Zemherinin hemen ardından, Şubat ayının ortalarında baharın ucu görünürdü. Karların erimesiyle ilk önce çiğdemler kara topraktan başını uzatır, baharın gelişini müjdelerdi.
İlkokul günlerimde karne tatili de Şubat ayında oluyordu. Tatilde kır bayır dolaşır, sarı çiğdemlerin topraktan çıkışını gözlerdim. Gördüğüm çiğdem oymaklarını yıl boyu hiç unutmazdım. Açık mor renkli olanlarına “öksüz çiğdem” diyorduk, bizim gözümüzde bir değeri yoktu, asıl çiğdem, sarı çiğdemdi.
Çiğdemler çıkınca kızlı erkekli sekiz on çocuk birleşir, çiğdem toplamak için yazıya giderdik. Öncesinde de yabani erik ağaçlarının dallarından iki karış boyunda sivriç yapardık. Erik dalı çok sağlam olurdu. Sivriçlerimizi günler öncesinde hazır ederdik. Bir de en dikenlisinden büyük karaçalı koparırdık.
Çiğdemlik yazısına gidene kadar hoplaya zıplaya oynardık.
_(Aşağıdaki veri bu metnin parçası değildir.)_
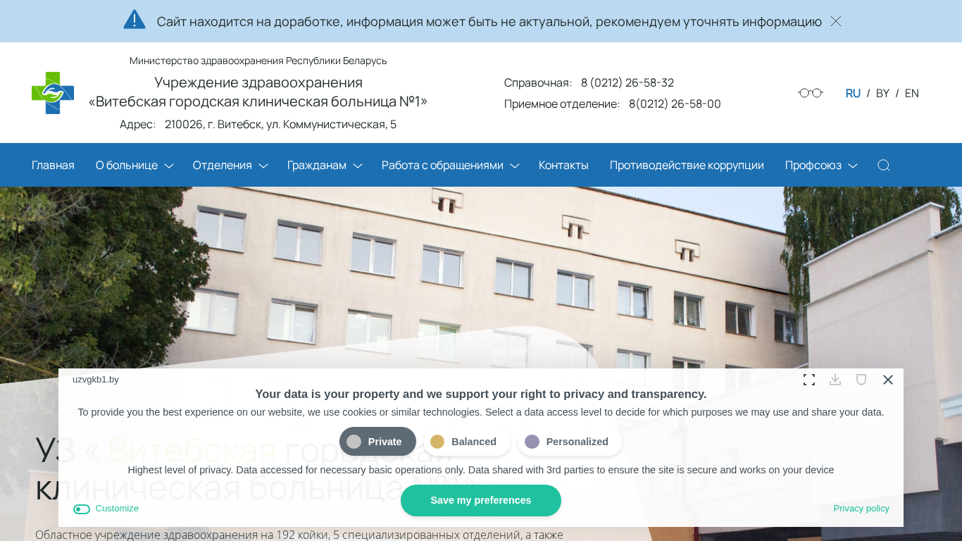 | AI-анализ | The web project "Витебская городская клиническая больница № 1" (Vitebsk City Clinical Hospital No. 1) is a healthcare institution website undergoing development. The Ministry of Healthcare of the Republic of Belarus manages the organization. The hospital is located at 210026, Kommunisticheskaya Street, 5, in the city of Vitebsk. Contact information includes the switchboard number (8 (0212) 26-58-32) and the reception desk number (8(0212) 26-58-00). The site provides information on the hospital's structure, tasks, history, vacancies, departments (consultative cabinet, cardiology, neurology, gastroenterology, and hypobaric adaptation), clinical diagnostic laboratory, |

Sarı çiğdemleri, sivricimizi birkaç santim uzağından toprağa sapladığımız gibi yumrulu kökleriyle beraber çıkarırdık. Köklerindeki toprağı elimizle ufalayarak temizlerdik.
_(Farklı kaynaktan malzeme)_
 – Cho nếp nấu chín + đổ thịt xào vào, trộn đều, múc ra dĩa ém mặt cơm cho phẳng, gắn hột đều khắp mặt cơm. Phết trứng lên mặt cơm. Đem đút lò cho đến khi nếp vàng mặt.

Topladığımız çiğdemlerin köklerini, karaçalının dikenlerine batırırdık; çalı adeta çiğdem tarlasına dönüşürdü. Sonra da ellerimizde çalılar:
“ Çiğdem çiğdem çiçecik
Emmimoğlu küçecik
Yağ verenin oğlu olsun
Bulgur verenin kızı olsun
Hiç vermeyen çatlasın ölsün”
diye mani söyleyerek köydeki evlerin tamamının kapısını tek tek çalardık.
Genellikle hiçbir kapıdan boş dönüşmezdi. Çocuksuz gelinler, oğulsuz analar başta olmak üzere herkes bize bulgur, yağ, et ve salça verirdi.
Aramızdan birinin annesi de dışarıda ocak yakıp bulgur pilavı pişirirdi. Pişmek üzereyken topladığımız çiğdemlerin kök ve çiçeklerini pilava katardık. Pilavımızı oradan gelip geçenlere ikram eder, iştahla yediklerini görünce de anlamsızca gülerdik. Çocukluk işte, ne yapsak ne duysak her şeye hep gülerdik.